This post was written during Alex Altair's agent foundations fellowship program, funded by LTFF. Thank you Alex Altair, Alfred Harwood, Daniel C for feedback and comments.
Introduction
The selection theorems agenda aims to prove statements of the following form: "agents selected under criteria X has property Y," where Y are things such as world models, general purpose search, modularity, etc. We're going to focus on world models.
But what is the intuition that makes us expect to be able to prove such things in the first place? Why expect world models?
Because: assuming the world is a Causal Bayesian Network with the agent's actions corresponding to the D (decision) node, if its actions can robustly control the U (utility) node despite various "perturbations" in the world, then intuitively it must have learned the causal structure of how U's parents influence U in order to take them into account in its actions.
And the same for the causal structure of how U's parents' parents influence U's parents ... and by induction, it must have further learned the causal structure of the entire world upstream of the utility variable.

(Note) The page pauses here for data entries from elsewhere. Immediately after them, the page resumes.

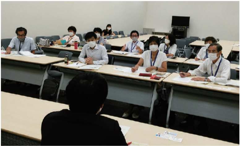
国交省に浸水被害対策を要望(8月18日、参議院議員会館)

国交省側は河道の掘削について「秋口から本復旧と河道の掘削を同時並行で行い令和6年度までに完了させたい。完了すれば石原観測所で60cm水位を低下させることができる」「小河内ダムの事前放流については5月27日に国土交通省と東京都、神奈川県が協定を結び、上流域予測降雨量が450mm以上の場合、台風襲来の3日前から約550万m 3 の洪水調節を行う」など答えました。
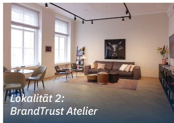
Lokalität 2: BrandTrust Atelier
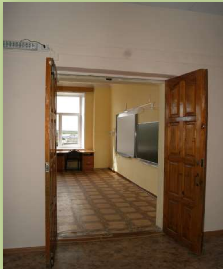
Учебный корпус – вход в класс
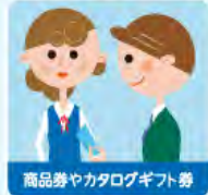
商品券やカタログギフト券
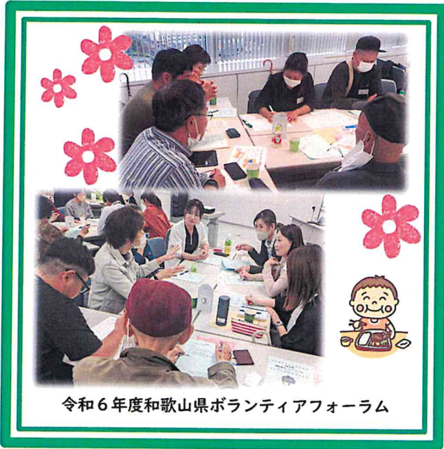
令和6年度和歌山県ボランティアフォーラム

This is the intuitive argument that the paper Robust Agents Learn Causal World Model by Jonathan Richens and Tom Everitt formalizes.
Informally, its main theorem can be translated as: if an agent responds to various environment interventions by prescribing policies that overall yield low regret, then it's possible to appropriately query the agent to reconstruct an implicit world model that matches up with the ground truth causal structure.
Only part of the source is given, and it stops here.